Another major achievement of connectionism was the backpropagation algorithm. Although it was once eclipsed, it later re-emerged as one of the dominant methods.

In the 1990s, researchers made important advances in using neural networks for sequence modeling. Hochreiter and Schmidhuber introduced Long Short-Term Memory (LSTM) networks to address these challenges. Today, LSTM is widely used in many sequence modeling tasks.

The second wave persisted until the mid-1990s. At that time, many startups based on neural networks and AI technologies began seeking investment with ambitious but somewhat unrealistic goals. When AI research failed to meet these unreasonable expectations, investors grew disillusioned. Simultaneously, other areas of machine learning, such as kernel machines and graphical models, achieved strong results on many important tasks. These two factors together led to the decline of the second wave of neural networks.
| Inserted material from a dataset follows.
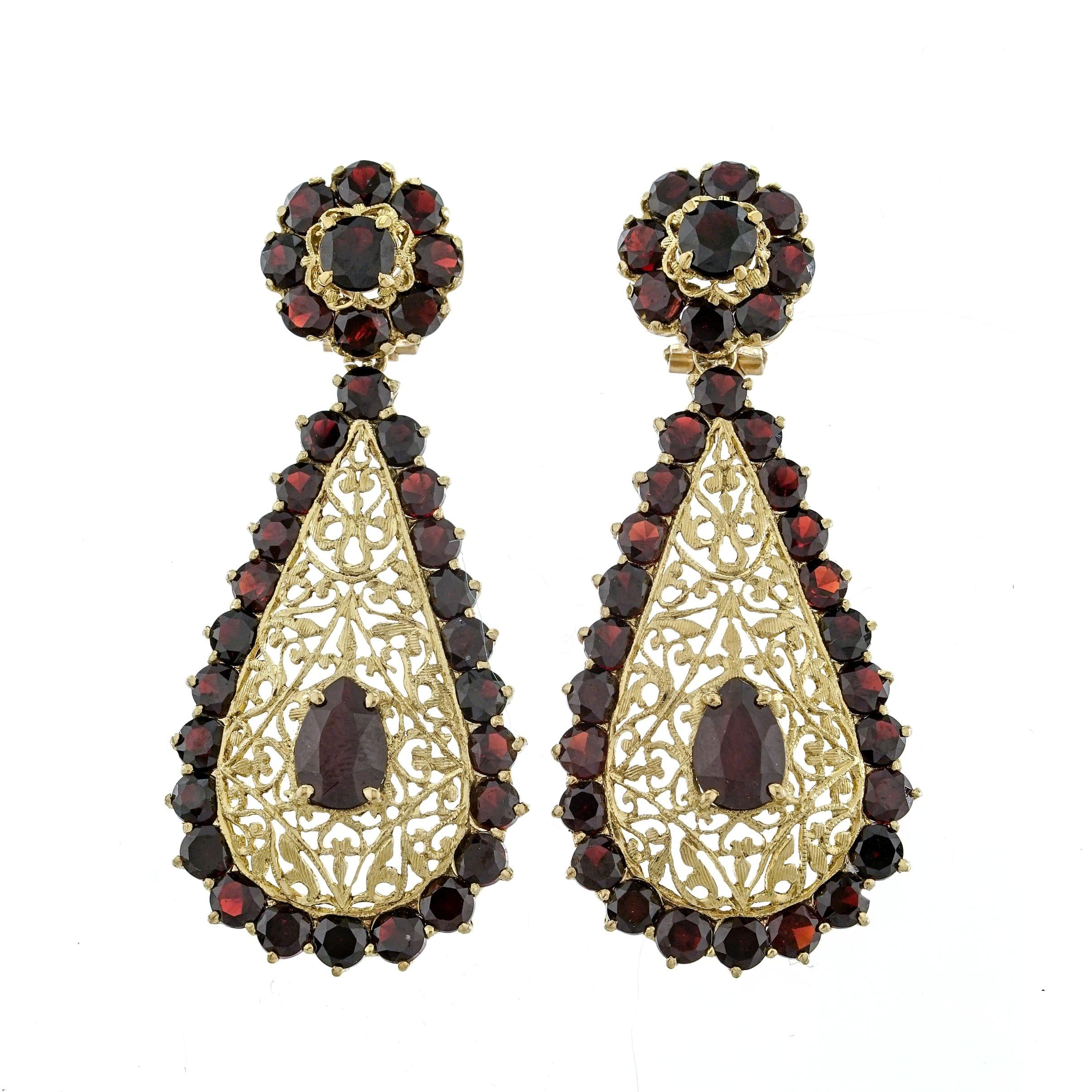 931. Pendants d'oreilles ajourés sertis de grenats

Although the second wave faded from public view, between the second wave's retreat and the third wave's rise, neural networks continued to achieve impressive results on some tasks. The Canadian Institute for Advanced Research (CIFAR) helped sustain neural network research through its Neural Computation and Adaptive Perception (NCAP) program. This program brought together machine learning research groups at the University of Toronto, the University of Montreal, and New York University, led respectively by Geoffrey Hinton, Yoshua Bengio, and Yann LeCun. This multidisciplinary CIFAR NCAP research program also included neuroscientists and experts in human and computer vision.

At that time, it was widely believed that deep networks were difficult to train. In retrospect, we now know this was because the computational cost was too high and there was no available hardware for sufficient experimentation. We now know that algorithms that existed in the 1980s could work perfectly well.

The Third Wave: Deep Networks

The third wave began with a breakthrough in 2006. Hinton demonstrated that a neural network called a deep belief network could be effectively trained using a strategy known as greedy layer-wise pre-training. Other CIFAR-affiliated research groups quickly showed that the same strategy could be applied to train many other types of deep networks and systematically improved generalization performance on test examples.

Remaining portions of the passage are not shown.